Второй сценарий исходит из иных ориентацией, настаивая на том, что этнос и нация обладают разной генеалогией, — предполагается, что они выросли из разных зерен. И поэтому аналитика национальной идентичности и аналитика этнической идентичности просто не имеют права быть тождественными, — за ними стоят различающиеся конститутивные принципы, различающиеся институции. Под институциями я понимаю не только собственно социальные институты, но и дискурсивные, символические, семиотические и т.п. институции, телесные практики и так далее. Иными словами, термин «институция» связан с актами и процессами учреждения, с теми эффектами, которые отсылают к устройствам, структурным организациям, установлениям. Это — смыслы, синтетически выраженные в латинском слове institutum (от instituo [ in + statuo — ставлю, выстраиваю, строю, воздвигаю, устанавливаю]).
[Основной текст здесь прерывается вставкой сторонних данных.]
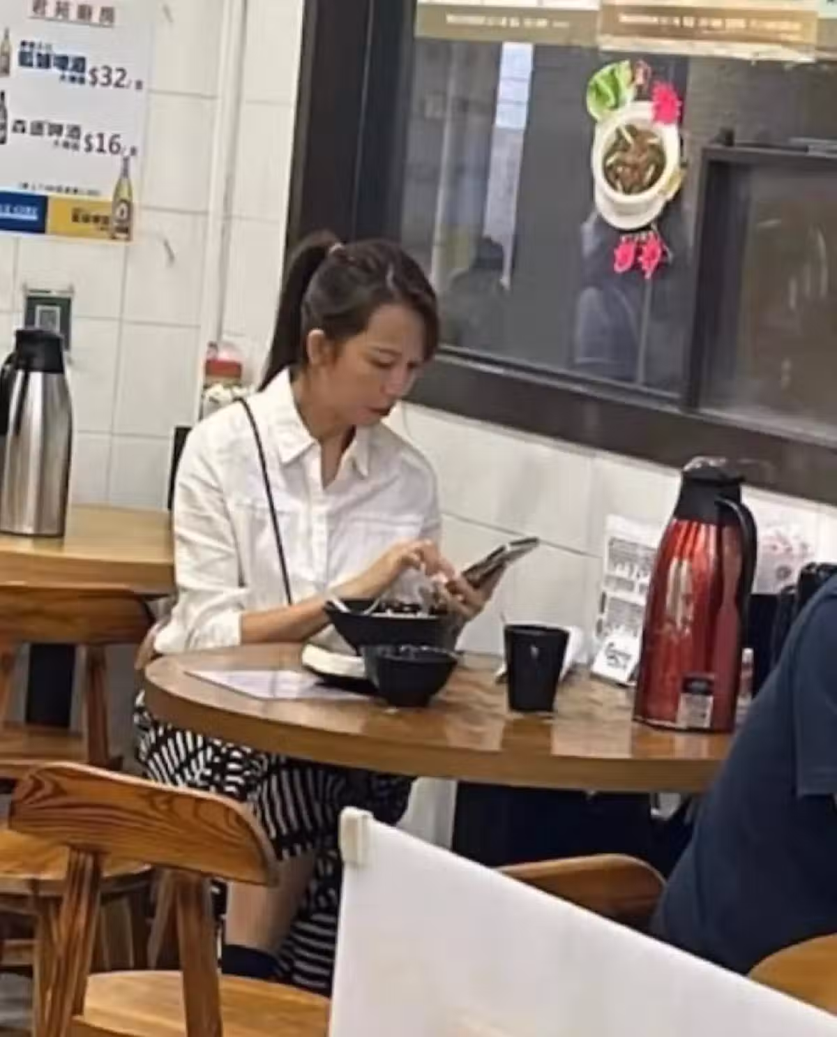51歲蔡少芬在香港,去了一家麵包店,打扮一言難盡,好像家庭主婦

Институирование, институциональные акты, или учреждения, создают интенсивные и в то же время индивидуальные точки, выделенности в различных феноменальных рядах, определяя фигуративность события и устанавливая границы, межи феномена. Институции в аналитическом опыте обслуживают устройства идентификации, устанавливая, учреждая очевидности как далее нередуцируемые предельности аналитики феноменальности. С другой стороны, они обеспечивают регулярное воспроизводство, повтор очевидностей. Повтор является операцией полагания и удержания «того же самого» в сериях, которые сопровождаются запуском устройств подтверждения аутентичности этого «того же самого» и институируют смыслы, которое предшествует любым актам конституирования и синтеза. В качестве примера можно привести институции, наличествующие в русском языке: шесть падежей. Если мы не будем пользоваться шестью падежами, мы не будем говорить по-русски. В этом смысле я и буду говорить о конституировании и институционализации нации и этноса.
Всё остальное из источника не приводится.